Feature Flags, Optipng, …
The new generator also allows to enable and disable certain sets of features in a standardized way. E.g. Ubuntu uses a language-pack system for translations, which Debian doesn’t use. Features like this can be implemented as disableable separate modules in the generator. We use this at time to e.g. allow descriptions from packages to be used as AppStream descriptions, or for running optipng on the generated PNG images and icons.
No more Contents file dependency
Another issue the old generator had was that it used the Contents file from the Debian archive to find matching icons for an application. We could never be sure whether the contents in the Contents file actually matched the contents of the package we were currently dealing with. What made things worse is that at Ubuntu, the archive software is only updating the Contents file
weekly daily (while the generator might run multiple times a day), which has lead to software being ignored in the metadata, because icons could not yet be found. Even on Debian, with its quickly-updated Contents file, we could immediately see the effects of an out-of-date Contents file when updating it failed once. In the new generator, we read the contents of each package ourselves now and store them in a LMDB database, bypassing the Contents file and removing the whole class of problems resulting from missing or wrong contents-data.

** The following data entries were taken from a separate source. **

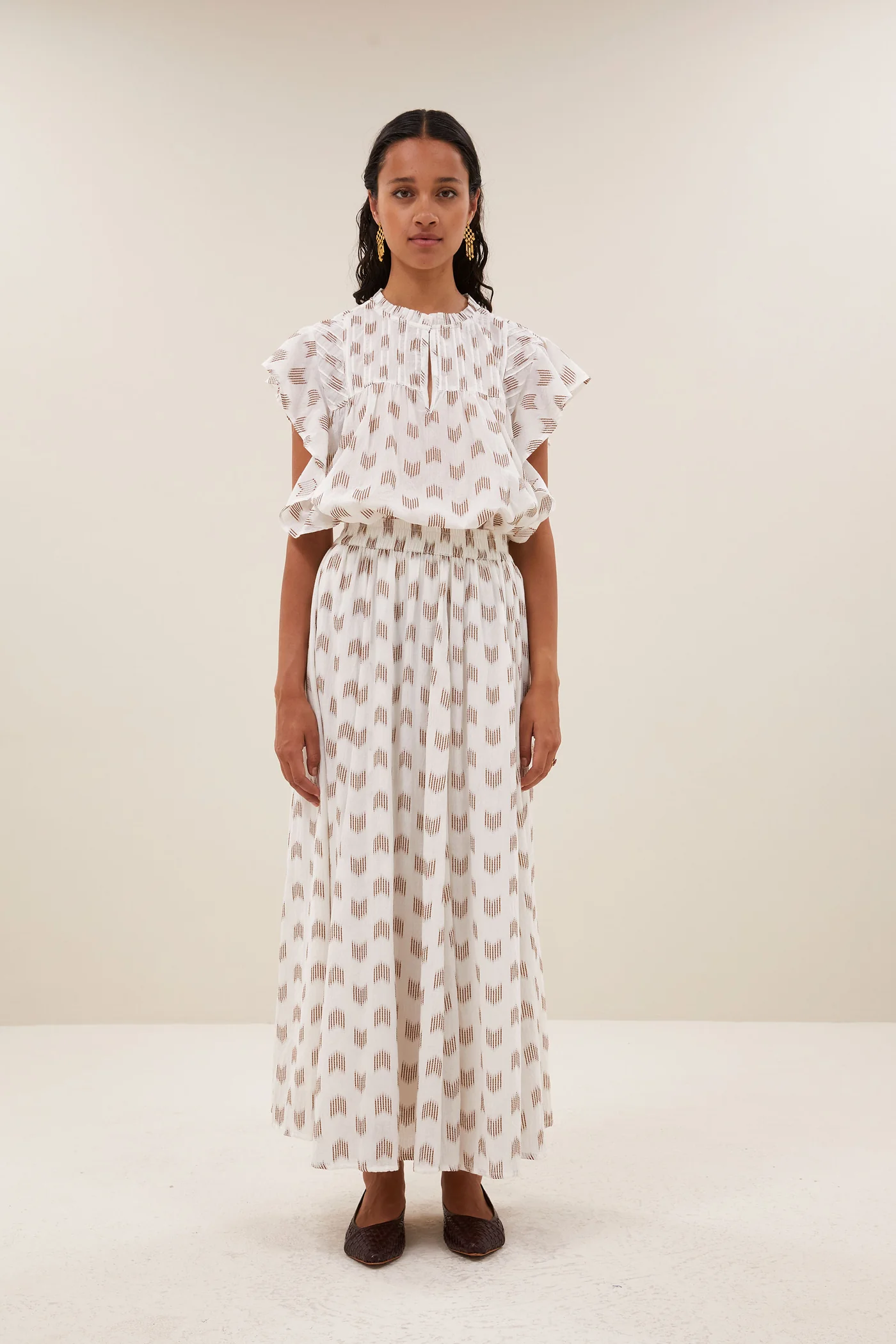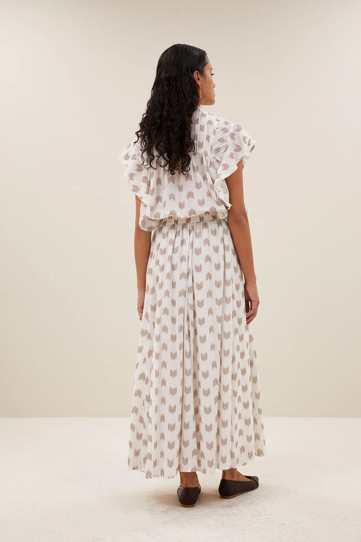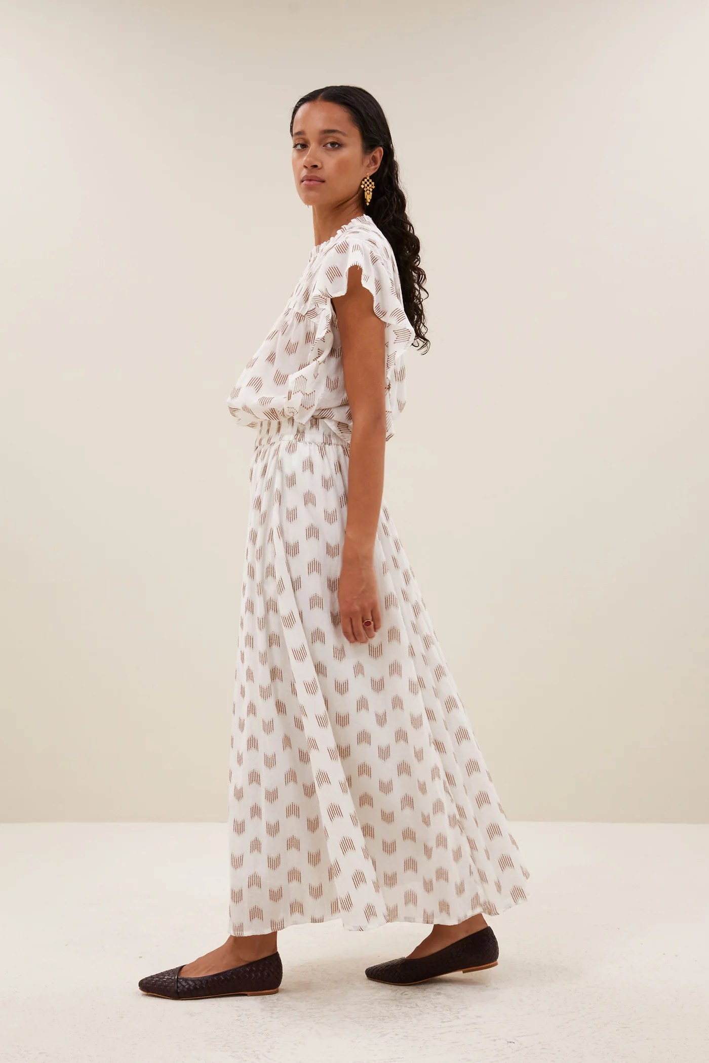 De ruby oase skirt is een lange rok met een losse pasvorm die zorgt voor ultiem draagcomfort. het chique ontwerp met een printpatroon maakt deze rok perfect voor ontspannen dagen en stijlvolle gelegenheden. een veelzijdige toevoeging aan je garderobe die moeiteloos elegantie uitstraalt.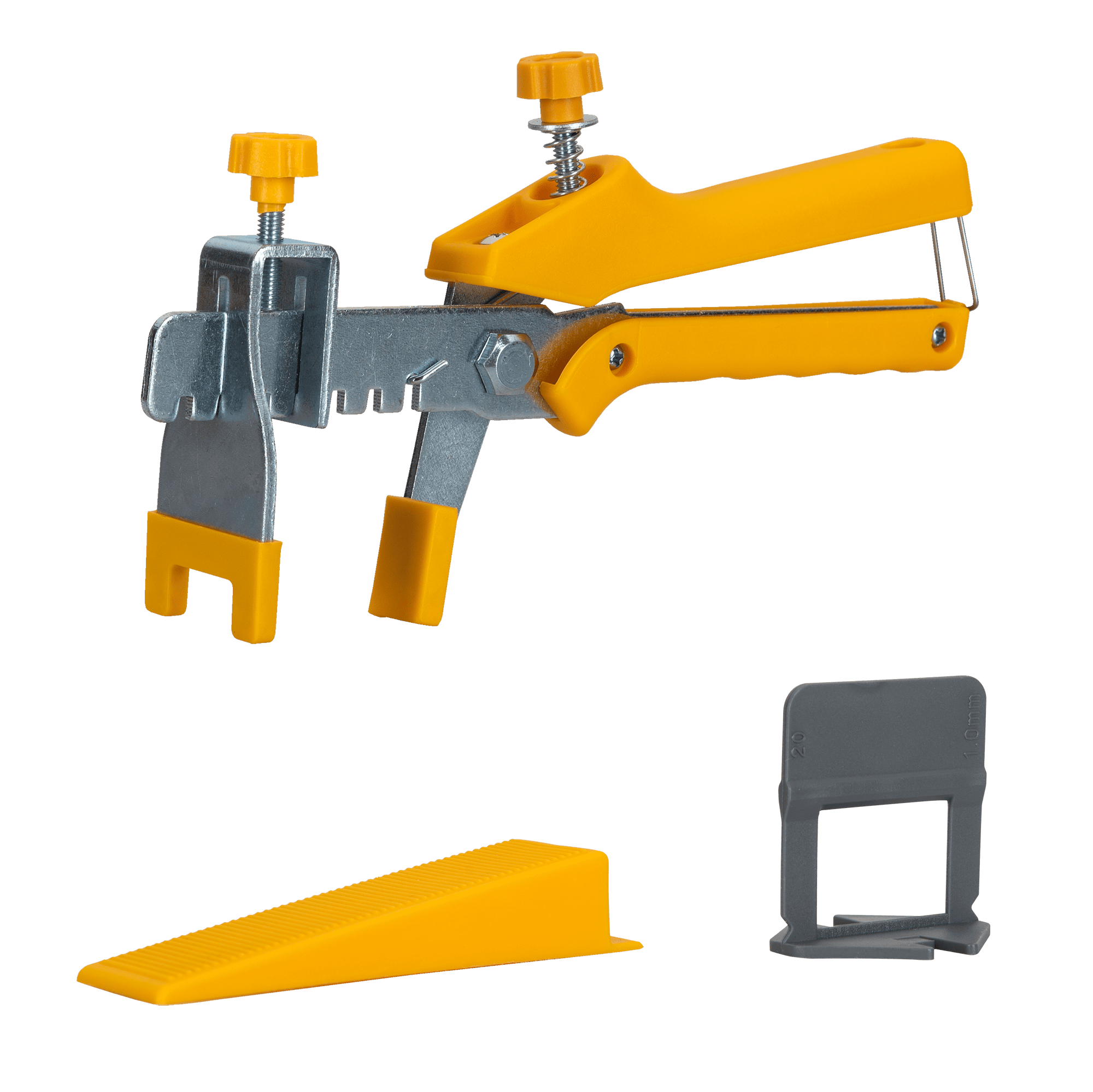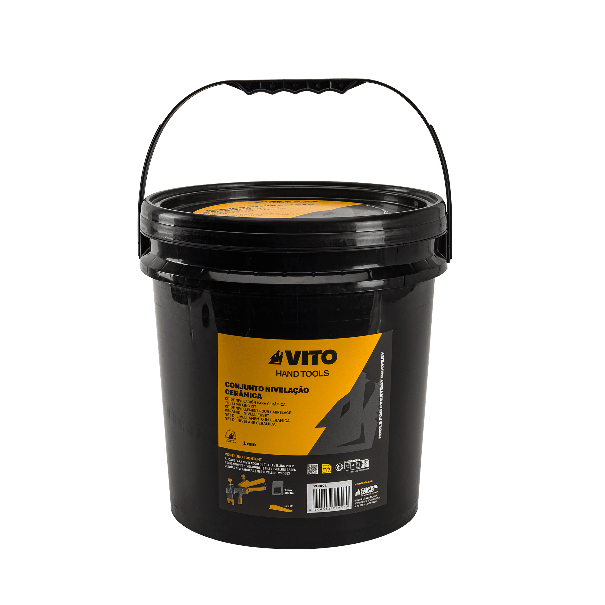 Este conjunto está equipado com um alicate para niveladores que garante a aplicação uniforme de cunhas, assegurando o nivelamento das superfícies. Por sua vez, os espaçadores permitem demarcar a distância entre cada peça, enquanto as cunhas niveladoras eliminam qualquer desnível que possa estar presente. Para além disto, o balde de plástico facilita o transporte e armazenamento de todo o conjunto.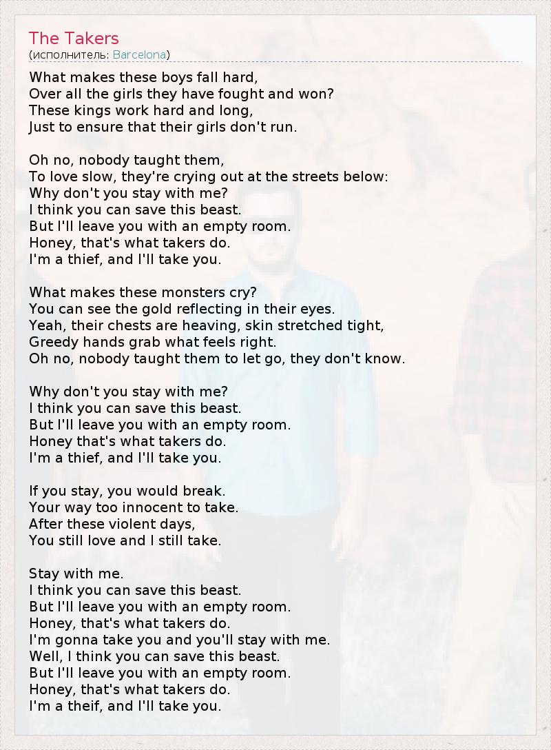 What makes these boys fall hard, Over all the girls they have fought and won? These kings work hard and long, Just to ensure that their girls don't run. Oh no, nobody taught them, To love slow, they're crying out at the streets below: Why don't you stay with me? I think you can save this beast. But I'll leave you with an empty room. Honey, that's what takers do. I'm a thief, and I'll take you. What makes these monsters cry? You can see the gold reflecting in their eyes. Yeah, their chests are heaving, skin stretched tight, Greedy hands grab what feels right. Oh no, nobody taught them to let go, they don't know. Why don't you stay with me? I think you can save this beast. But I'll leave you with an empty room. Honey that's what takers do. I'm a thief, and I'll take you. If you stay, you would break. Your way too innocent to take. After these violent days, You still love and I still take. Stay with me. I think you can save this beast. But I'll leave you with an empty room. Honey, that's what takers do. I'm gonna take you and you'll stay with me. Well, I think you can save this beast. But I'll leave you with an empty room. Honey, that's what takers do. I'm a theif, and I'll take you.

It can’t all be good, right?
That is true, there are also some known issues the new generator has:
Large amounts of RAM required
The better speed of the new generator comes at the cost of holding more stuff in RAM. Much more. When processing data from 5 architectures initially on Debian, the amount of required RAM might lie above 4GB, with the OOM killer sometimes being quicker than the garbage collector… That being said, on subsequent runs the amount of required memory is much lower. Still, this is something I am working on to improve.
What are symbolic links?
To be faster, the appstream-generator will read the md5sum file in .deb packages instead of extracting the payload archive and reading its contents. Since the md5sums file does not list symbolic links, symlinks basically don’t exist for the new generator. This is a problem for software symlinking icons or even .desktop files around, like e.g. LibreOffice does.

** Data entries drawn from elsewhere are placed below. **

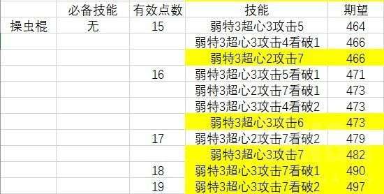 15点:最优为弱特3+超心3+攻击4+看破1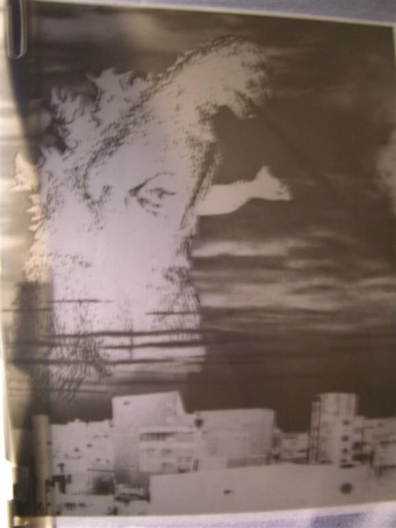 Studio made photo negative for Godzilla, depicting the titular monster ravaging a city. (8x10)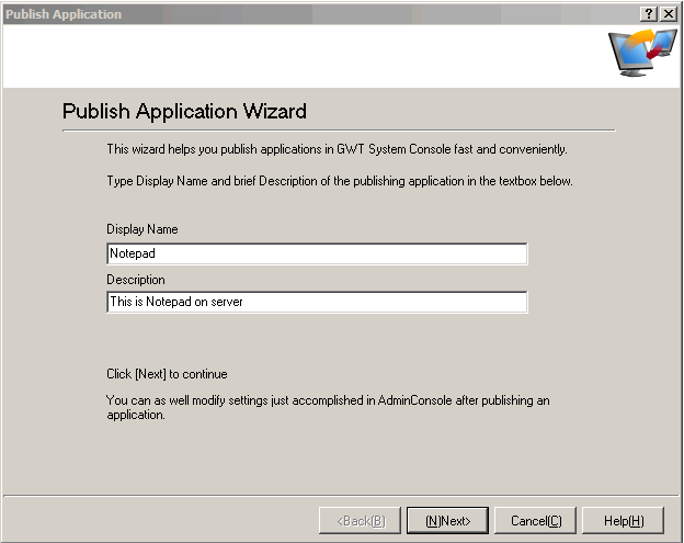 Step two: Set the application name and description. <Same with Publish C/S Application >
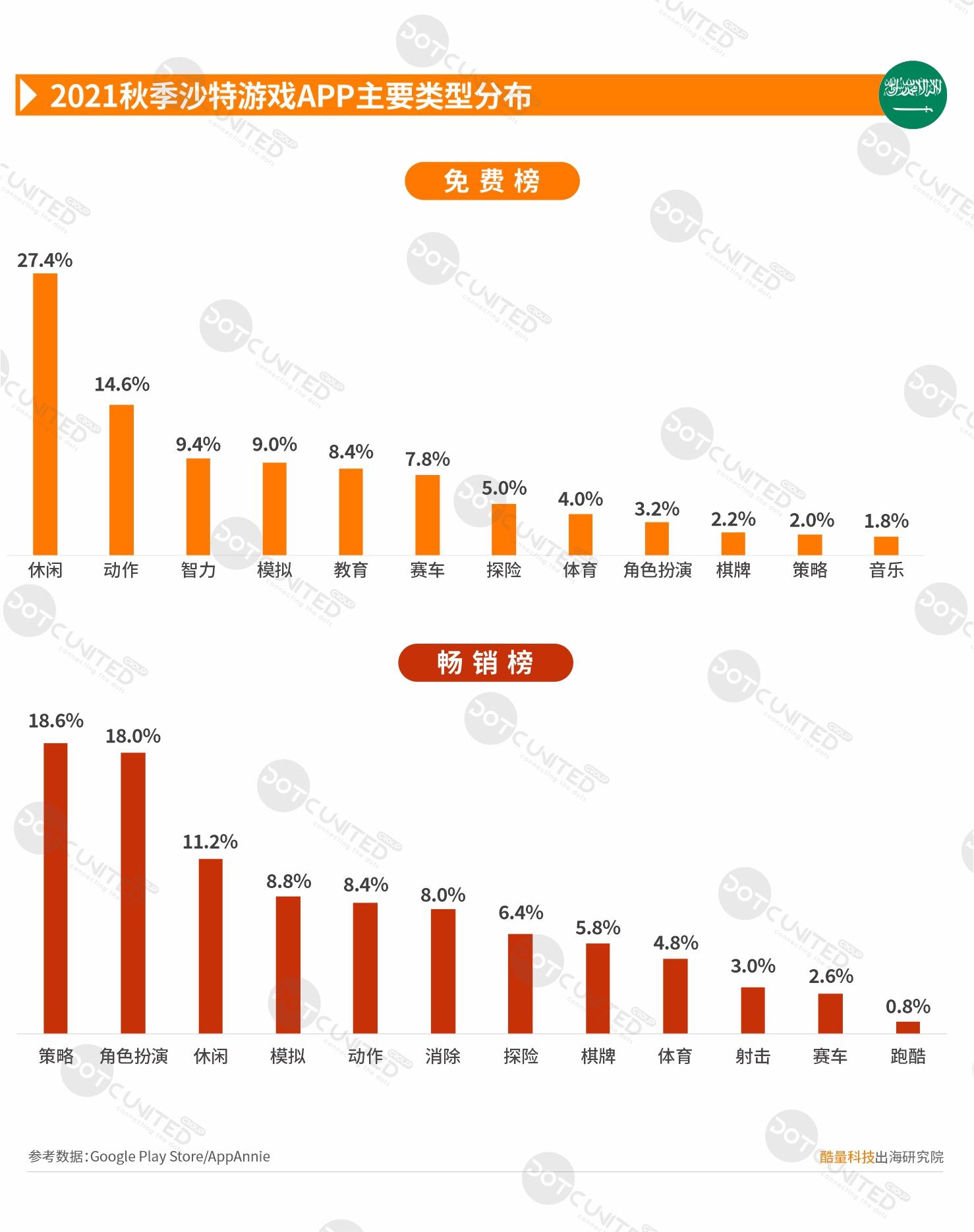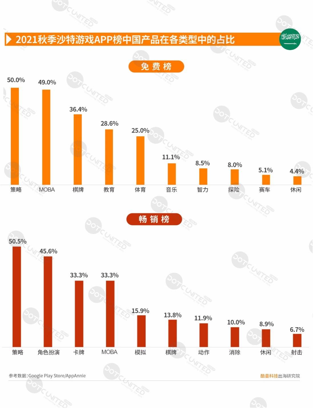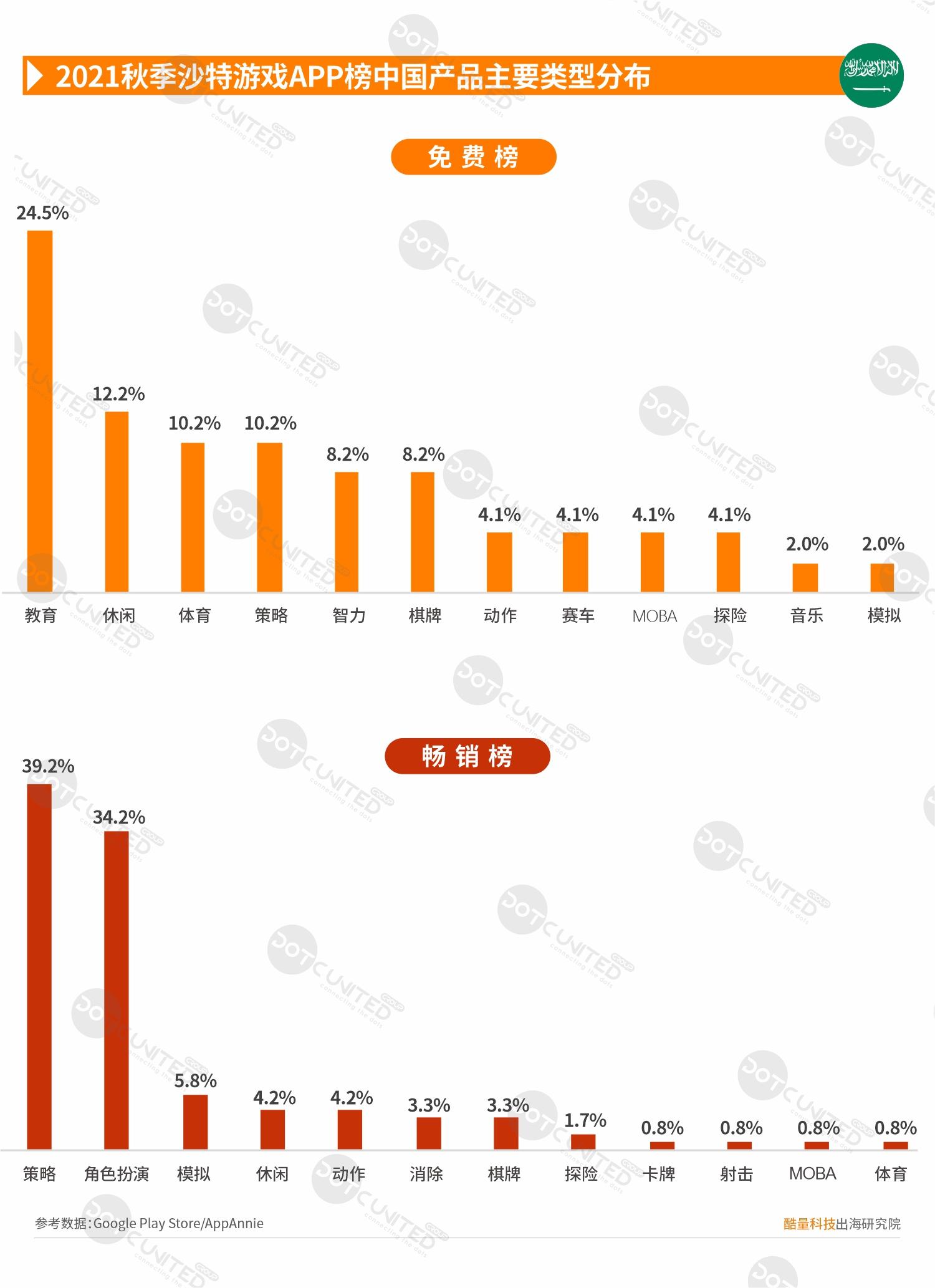 综上所述,目前中国出海沙特的游戏类型以策略、角色扮演、教育类为主流。此外,模拟、体育、休闲等类型也是国内出海沙特的热门类型。

I am still investigating how widespread the use of symlinks for icons and .desktop files is, but it looks like fixing packages (making them not-symlink stuff and rather move the files) might be the better approach than investing additional computing power to find symlinks or even switch back to parsing the Contents file. Input on this is welcome!
I finished the last pieces of the appstream-generator (together with doing lots of other cool things and talking to great people) at the GNOME Software Hackfest in London last week (detailed blogposts about things that happened there will follow – many thanks once again for the Ubuntu community for sponsoring my attendance!).
Since today, the new generator is running on the Debian infrastructure. If bigger issues are found, we can still roll back to the old code. I decided to deploy this faster, so we can get some good testing done before the Stretch release. Please report any issues you may find!